Records drawn from a dataset:
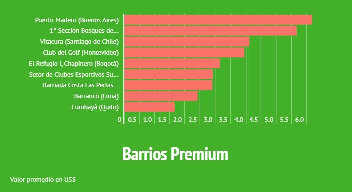 Por otro lado, Buenos Aires, capital argentina, es la que tiene los valores más elevados de m2 en su barrio más exclusivo. Puntualmente, los precios de su prestigioso barrio Puerto Madero se encuentra un 9% encima del que lo sigue, el barrio 1 Sección Bosques de Chapultepec en Ciudad de México.
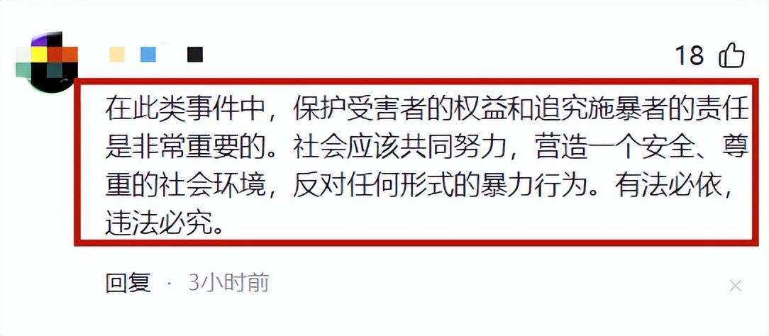 有網友則語重心長地說“在此類事件中,保護受害者的權益和追究施暴者的責任是非常重要的。社會應該共同努力,營造一個安全、尊重的社會環境,反對任何形式的暴力行爲。有法必依,違法必究。”
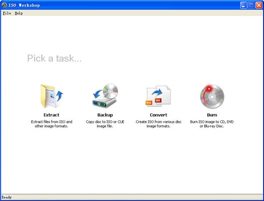 ISO Workshop 是一款非常不错的免费制作iso镜像文件工具,该软件支持ISP提取、备份、转换、刻录,包括CD、DVD、蓝光光盘。在任何格式,您可以轻松地再现原CD、DVD和蓝光。ISO Workshop操作简洁,主界面有四个大图标:从ISO提取文件、备份光盘镜像数据、转换ISO到其他镜像格式、刻录ISO到CD或DVD光盘。 支持的格式有 ISO、CUE、BIN、NRG、CDI、MDF、IMG、GI、PDI、DMG、B5I、B6I 等,支持的光盘类型有 CD-R/RW、DVD-R/RW、DVD+R/RW、DVD+R DL、BD-R/RE等。映象文件,跟镜像文件就是一个意思,取自翻译的外文“image ”。 一般国内大陆似乎用镜像文件的比较多,台湾等叫映象文件。它是一种光盘文件信息的完整拷贝文件。包括光盘所有信息,所以需要专门的虚拟光驱软件,载入此种镜像文件,进行读取,完全模拟了读取光盘文件的特性,这方面的软件有Alcohol 120%,Deam Tools等比较出名
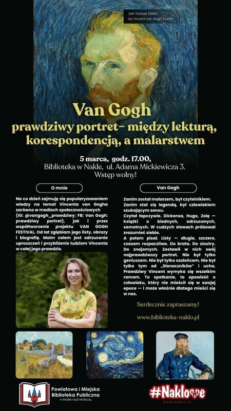 Dzisiaj odbędzie spotkanie# z Moniką Szomko - Van Gogh: prawdziwy portret – między lekturą, korespondencją a malarstwem. Przypominamy i zapraszamy.
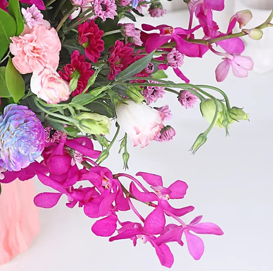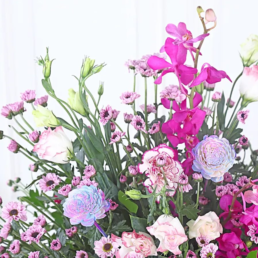 - Types: Double-shaded carnation, Mocaro, Santini, Eustoma, Dry flower
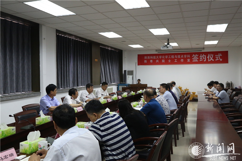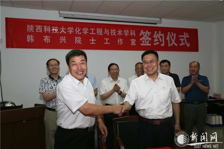 韓布興院士對在陜西科技大學(xué)設(shè)立自己的院士工作室感到十分高興和激動,感謝學(xué)校對院士工作室建設(shè)的高度重視。他對學(xué)校近年來各項(xiàng)事業(yè)的迅速發(fā)展和綜合實(shí)力的不斷提升給予了高度評價。他表示,院士工作室的設(shè)立既是一份責(zé)任,也是一種壓力,有利于雙方優(yōu)勢互補(bǔ),實(shí)現(xiàn)共同目標(biāo)。他從今天起就成為陜西科技大學(xué)大家庭中的一員,非常愿意為推動學(xué)校學(xué)科發(fā)展出力?;瘜W(xué)化工與綠色化學(xué)與技術(shù)的結(jié)合發(fā)展是當(dāng)前非常重要的研究領(lǐng)域,院士工作室將瞄準(zhǔn)學(xué)科前沿,進(jìn)一步凝練研究方向,為努力提升化學(xué)學(xué)科的特色優(yōu)勢做出力所能及的貢獻(xiàn),使學(xué)校在相關(guān)學(xué)科領(lǐng)域走在全國前列。
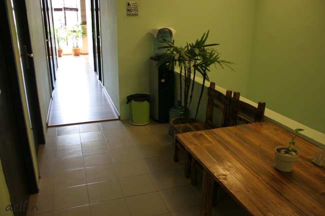 アパートを改造したような作りなので、リビングやキッチンがなく、フロントもテーブルのみ。個別ロッカーがあり、便利。
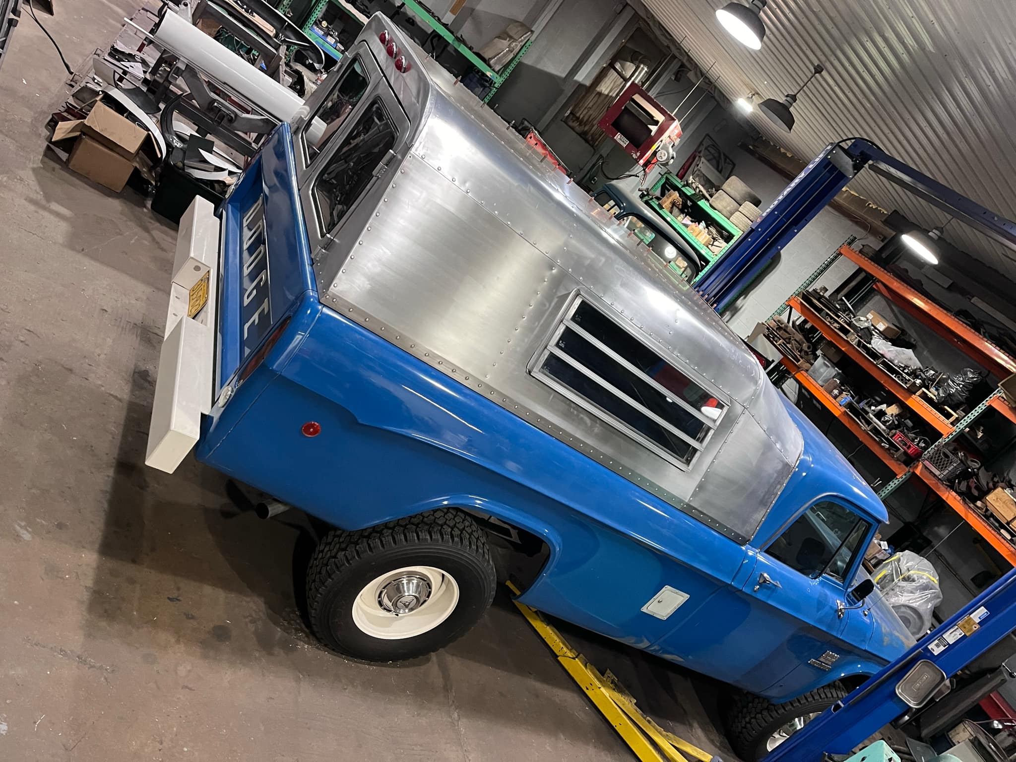 The end result is a one-off product that’s sharper than anything on sale. The finishing is top-tier with those stellar barn doors and hand-cut Lexan windows out back, plus the OEM Dodge running lights mounted just above them. It feels right to call it “vintage,” but it’s not—it’s brand new, made with old-school metal fab techniques. It’s a real beaut that cost Pitcher $1,200 in materials… plus all the equipment and time necessary to make it happen.
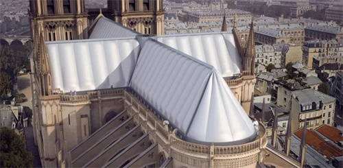 2019年,在巴黎圣母院屋頂線建筑競賽中,就有2個膜結(jié)構(gòu)建筑屋頂方案特別惹人眼球,膜結(jié)構(gòu)的運(yùn)用,使得莊嚴(yán)肅穆的教堂增添了些許現(xiàn)代時尚感。
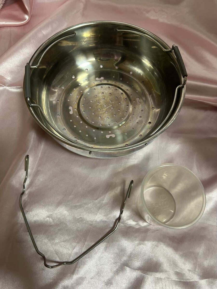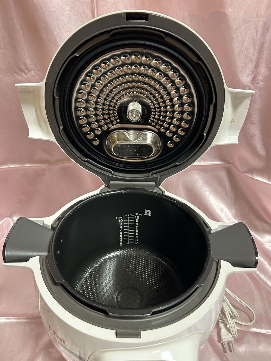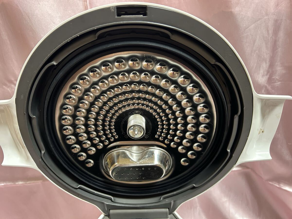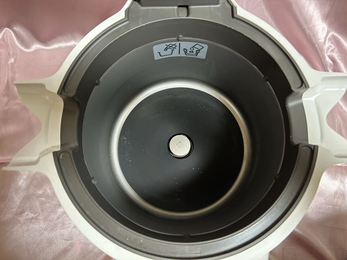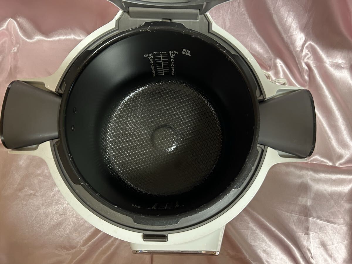 5、6年前に購入した物で購入時は時々使っていましたが最近の2、3年は殆ど使ってませんでした。内釜には傷がついているのと、蒸しかごの黄ばみなどの汚れはあります。外側はそれほど汚れてはいないような感じに見えます。あと、付属の計量カップがこちらの商品に付属の物だったのかは確かではありませんが使えると思います。
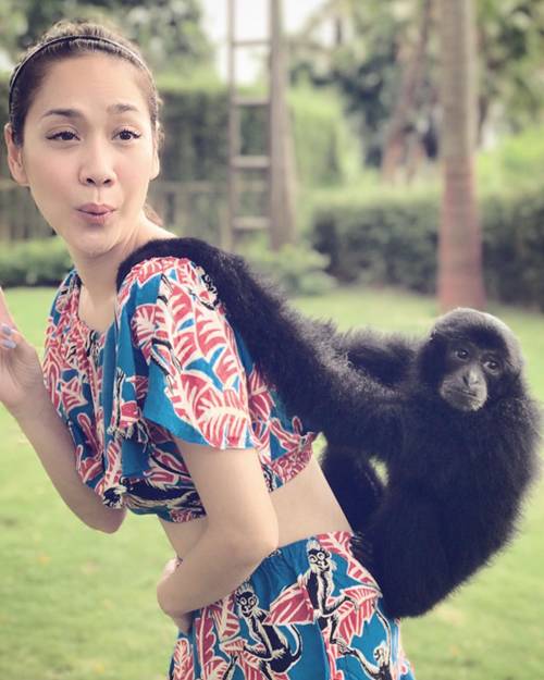 5. Mimik lucu BCL yang tanpa makeup saat gendong monyet.
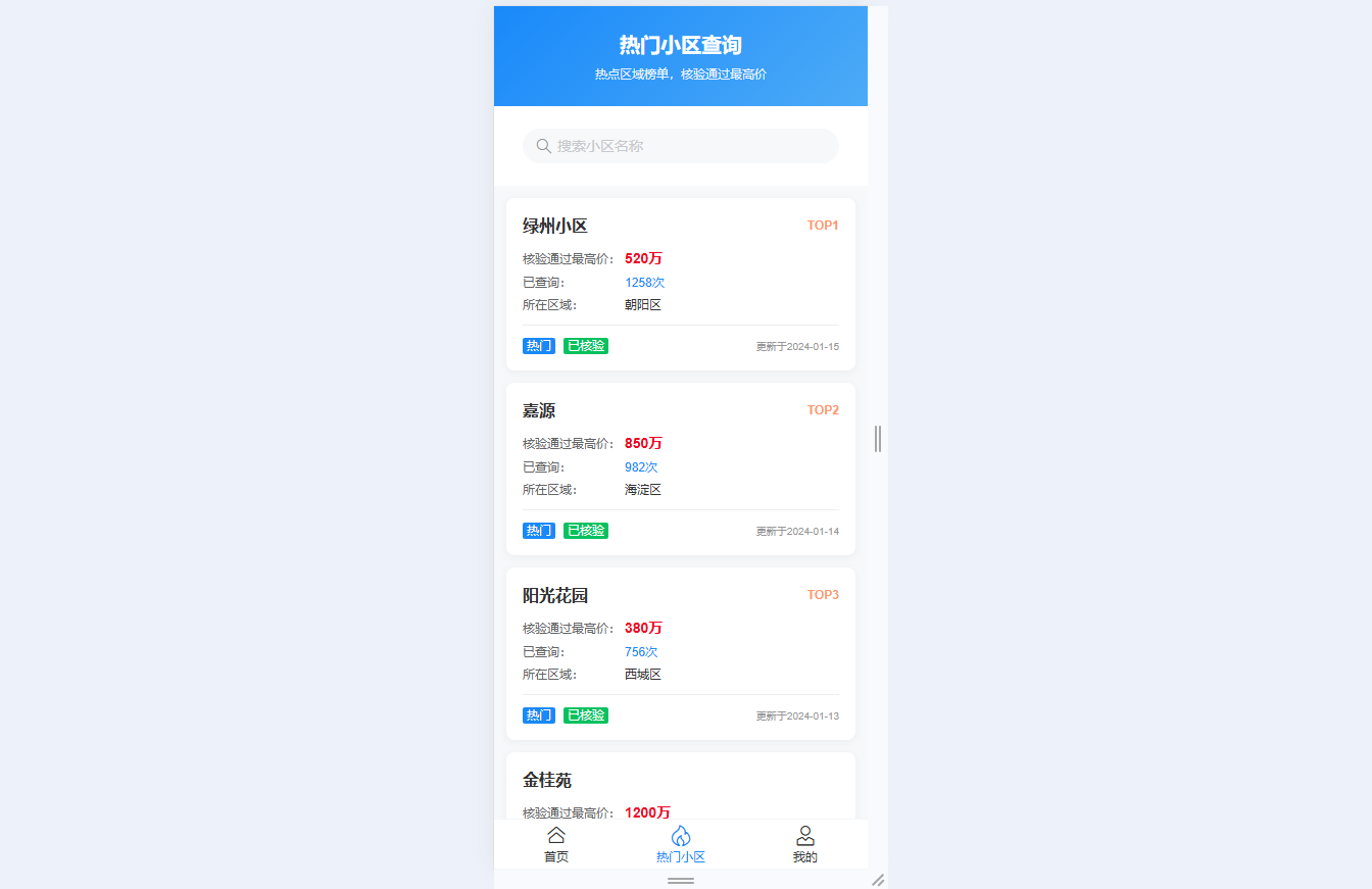 ● 热门小区查询:展示热点区域小区榜单,标注核验通过最高价与查询次数,TOP排名呈现,提供区域房价水平参考,辅助购房决策
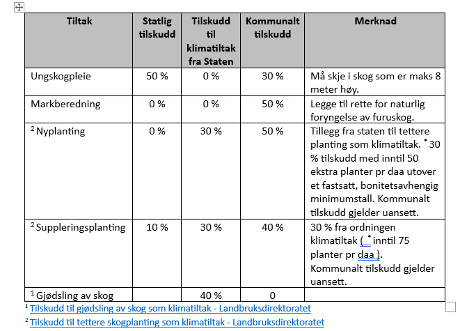 Retningslinjer for tilskudd til skogbruket kan leses i sin helhet her.
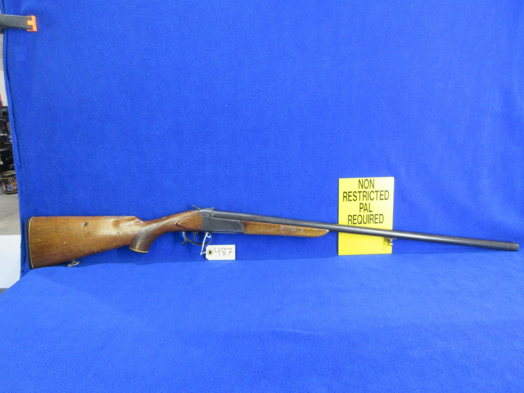 Non-Restricted - Baikal Model IJ-17 in 16 Ga. 2 3/4" - Made in USSR, marked 1964 - This is a tip up single shot shotgun, action is tight and appears to be in good working order but should not be fired as stock is cracked. Barrel is 29", bore is fair to good (may need wet cleaning), bluing is good with some light pitting and wear spots, has bead front sight, stock has cracks behind the upper and lower tangs, forearm is good with many usage marks, butt plate good, comes with swivels. Ser # H79793
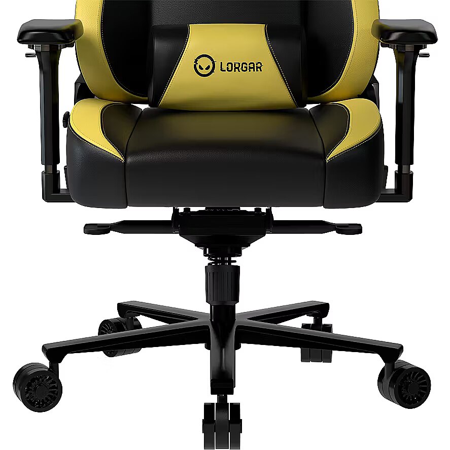 ProductDescription - LORGAR Base 311, Gaming chair, PU eco-leather, 1.8 mm metal frame, multiblock mechanism, 4D armrests, 5 Star aluminium base, Class-4 gas lift, 75mm PU casters, Black + yellow
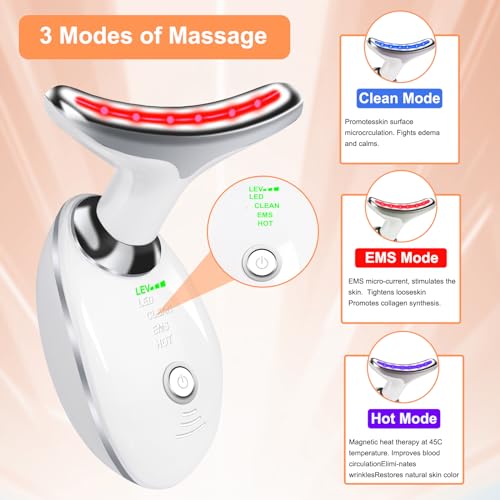 - 【3 Modes of Massage】This neck and face massager has 3 modes to meet your different needs. Clean Mode, EMS Mode, Hot Mode. Improve circulation and promote the growth of fibroblasts and collagen. Personalised Facial Soothing Solutions for Users.
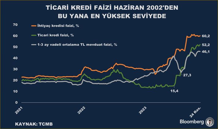TCMB verilerine göre 24 Kasım haftası itibariyle ortalama ticari kredi faizi yüzde 52,19 seviyesine çıktı. Böylelikle ticari kredi faizlerinde 2002’den bu yana en yüksek seviye kaydedildi.
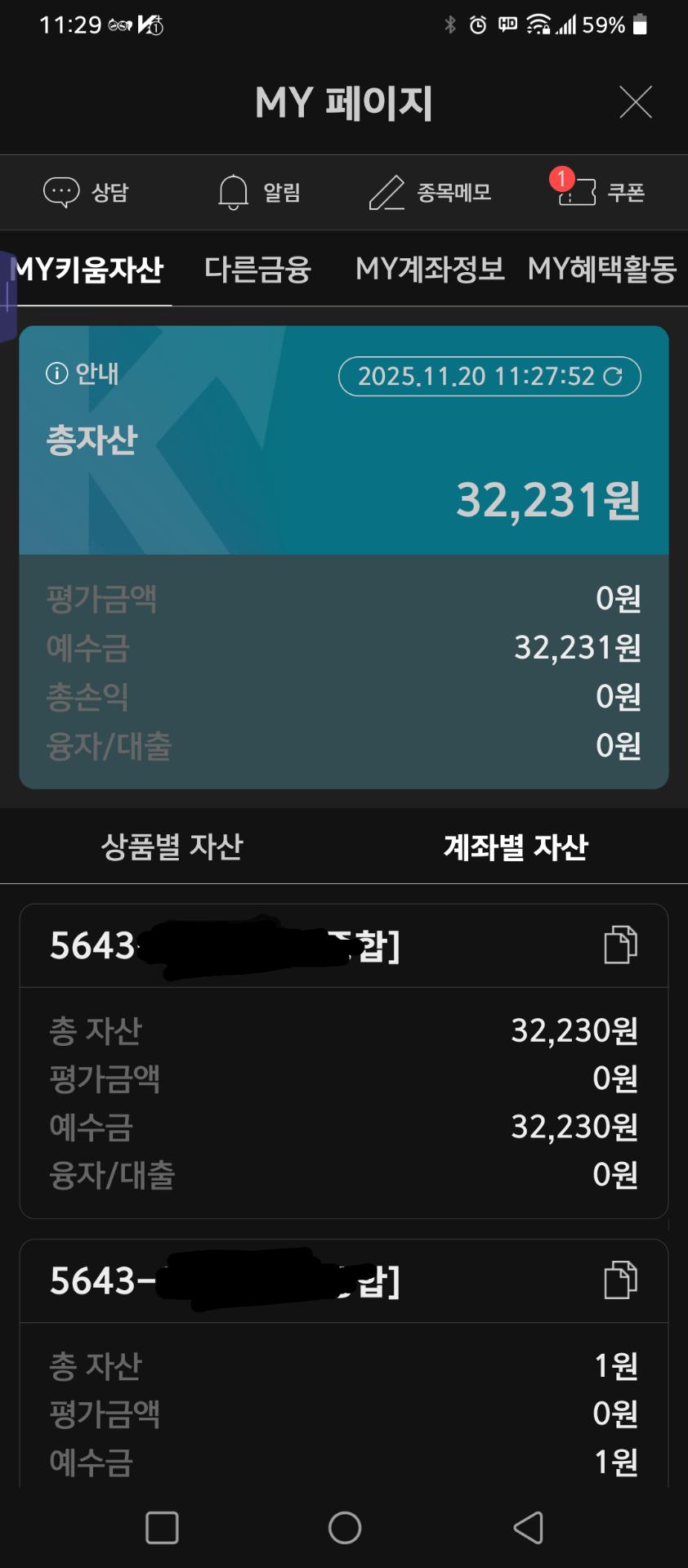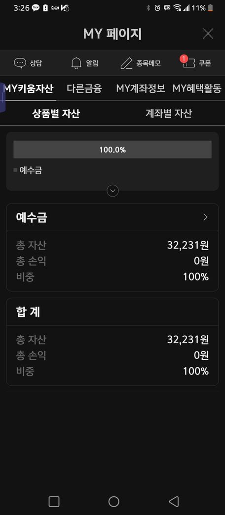 키움증권에 오랜만에 접속해보니 마이키움자산 메뉴에 총자산 예수금에 32231원 조회되네요
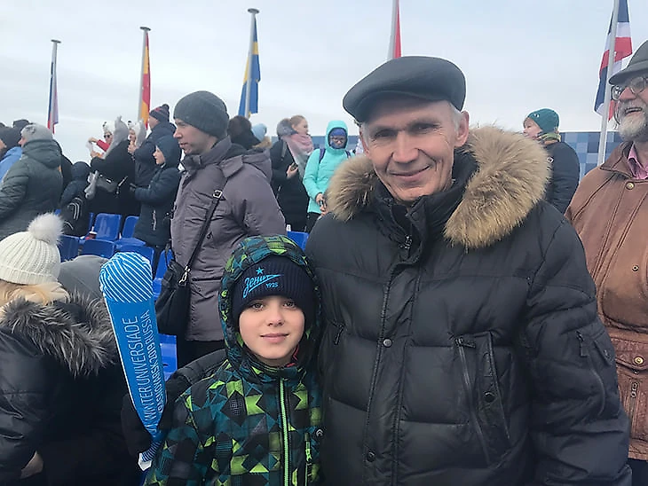 Сергей и внук Тимофей в шапке «Зенита» приехали на лыжные гонки в кластер «Радуга», стояли на центральной трибуне, смотрели то на лыжников, то на бабулю с трещоткой, то куда-то в горы. Конечно, я подошел к ним из-за «Зенита», узнал, что Тимофей обожает Дзюбу и Роберта Мака (не самый очевидный выбор) и до похода на Универсиаду никогда не видел большой спорт так близко. Максимум – матчи «Зенита» по телевизору.

# [EXERCISE GOAL]
Repeat the data word for word, minus any pictures.

# [TASK RESULT]
 Por otro lado, Buenos Aires, capital argentina, es la que tiene los valores más elevados de m2 en su barrio más exclusivo. Puntualmente, los precios de su prestigioso barrio Puerto Madero se encuentra un 9% encima del que lo sigue, el barrio 1 Sección Bosques de Chapultepec en Ciudad de México.
 有網友則語重心長地說“在此類事件中,保護受害者的權益和追究施暴者的責任是非常重要的。社會應該共同努力,營造一個安全、尊重的社會環境,反對任何形式的暴力行爲。有法必依,違法必究。”
 ISO Workshop 是一款非常不错的免费制作iso镜像文件工具,该软件支持ISP提取、备份、转换、刻录,包括CD、DVD、蓝光光盘。在任何格式,您可以轻松地再现原CD、DVD和蓝光。ISO Workshop操作简洁,主界面有四个大图标:从ISO提取文件、备份光盘镜像数据、转换ISO到其他镜像格式、刻录ISO到CD或DVD光盘。 支持的格式有 ISO、CUE、BIN、NRG、CDI、MDF、IMG、GI、PDI、DMG、B5I、B6I 等,支持的光盘类型有 CD-R/RW、DVD-R/RW、DVD+R/RW、DVD+R DL、BD-R/RE等。映象文件,跟镜像文件就是一个意思,取自翻译的外文“image ”。 一般国内大陆似乎用镜像文件的比较多,台湾等叫映象文件。它是一种光盘文件信息的完整拷贝文件。包括光盘所有信息,所以需要专门的虚拟光驱软件,载入此种镜像文件,进行读取,完全模拟了读取光盘文件的特性,这方面的软件有Alcohol 120%,Deam Tools等比较出名
 Dzisiaj odbędzie spotkanie# z Moniką Szomko - Van Gogh: prawdziwy portret – między lekturą, korespondencją a malarstwem. Przypominamy i zapraszamy.
 - Types: Double-shaded carnation, Mocaro, Santini, Eustoma, Dry flower
 韓布興院士對在陜西科技大學(xué)設(shè)立自己的院士工作室感到十分高興和激動,感謝學(xué)校對院士工作室建設(shè)的高度重視。他對學(xué)校近年來各項(xiàng)事業(yè)的迅速發(fā)展和綜合實(shí)力的不斷提升給予了高度評價。他表示,院士工作室的設(shè)立既是一份責(zé)任,也是一種壓力,有利于雙方優(yōu)勢互補(bǔ),實(shí)現(xiàn)共同目標(biāo)。他從今天起就成為陜西科技大學(xué)大家庭中的一員,非常愿意為推動學(xué)校學(xué)科發(fā)展出力?;瘜W(xué)化工與綠色化學(xué)與技術(shù)的結(jié)合發(fā)展是當(dāng)前非常重要的研究領(lǐng)域,院士工作室將瞄準(zhǔn)學(xué)科前沿,進(jìn)一步凝練研究方向,為努力提升化學(xué)學(xué)科的特色優(yōu)勢做出力所能及的貢獻(xiàn),使學(xué)校在相關(guān)學(xué)科領(lǐng)域走在全國前列。
 アパートを改造したような作りなので、リビングやキッチンがなく、フロントもテーブルのみ。個別ロッカーがあり、便利。
 The end result is a one-off product that’s sharper than anything on sale. The finishing is top-tier with those stellar barn doors and hand-cut Lexan windows out back, plus the OEM Dodge running lights mounted just above them. It feels right to call it “vintage,” but it’s not—it’s brand new, made with old-school metal fab techniques. It’s a real beaut that cost Pitcher $1,200 in materials… plus all the equipment and time necessary to make it happen.
 2019年,在巴黎圣母院屋頂線建筑競賽中,就有2個膜結(jié)構(gòu)建筑屋頂方案特別惹人眼球,膜結(jié)構(gòu)的運(yùn)用,使得莊嚴(yán)肅穆的教堂增添了些許現(xiàn)代時尚感。
 5、6年前に購入した物で購入時は時々使っていましたが最近の2、3年は殆ど使ってませんでした。内釜には傷がついているのと、蒸しかごの黄ばみなどの汚れはあります。外側はそれほど汚れてはいないような感じに見えます。あと、付属の計量カップがこちらの商品に付属の物だったのかは確かではありませんが使えると思います。
 5. Mimik lucu BCL yang tanpa makeup saat gendong monyet.
 ● 热门小区查询:展示热点区域小区榜单,标注核验通过最高价与查询次数,TOP排名呈现,提供区域房价水平参考,辅助购房决策
 Retningslinjer for tilskudd til skogbruket kan leses i sin helhet her.
 Non-Restricted - Baikal Model IJ-17 in 16 Ga. 2 3/4" - Made in USSR, marked 1964 - This is a tip up single shot shotgun, action is tight and appears to be in good working order but should not be fired as stock is cracked. Barrel is 29", bore is fair to good (may need wet cleaning), bluing is good with some light pitting and wear spots, has bead front sight, stock has cracks behind the upper and lower tangs, forearm is good with many usage marks, butt plate good, comes with swivels. Ser # H79793
 ProductDescription - LORGAR Base 311, Gaming chair, PU eco-leather, 1.8 mm metal frame, multiblock mechanism, 4D armrests, 5 Star aluminium base, Class-4 gas lift, 75mm PU casters, Black + yellow
 - 【3 Modes of Massage】This neck and face massager has 3 modes to meet your different needs. Clean Mode, EMS Mode, Hot Mode. Improve circulation and promote the growth of fibroblasts and collagen. Personalised Facial Soothing Solutions for Users.
TCMB verilerine göre 24 Kasım haftası itibariyle ortalama ticari kredi faizi yüzde 52,19 seviyesine çıktı. Böylelikle ticari kredi faizlerinde 2002’den bu yana en yüksek seviye kaydedildi.
 키움증권에 오랜만에 접속해보니 마이키움자산 메뉴에 총자산 예수금에 32231원 조회되네요
 Сергей и внук Тимофей в шапке «Зенита» приехали на лыжные гонки в кластер «Радуга», стояли на центральной трибуне, смотрели то на лыжников, то на бабулю с трещоткой, то куда-то в горы. Конечно, я подошел к ним из-за «Зенита», узнал, что Тимофей обожает Дзюбу и Роберта Мака (не самый очевидный выбор) и до похода на Универсиаду никогда не видел большой спорт так близко. Максимум – матчи «Зенита» по телевизору.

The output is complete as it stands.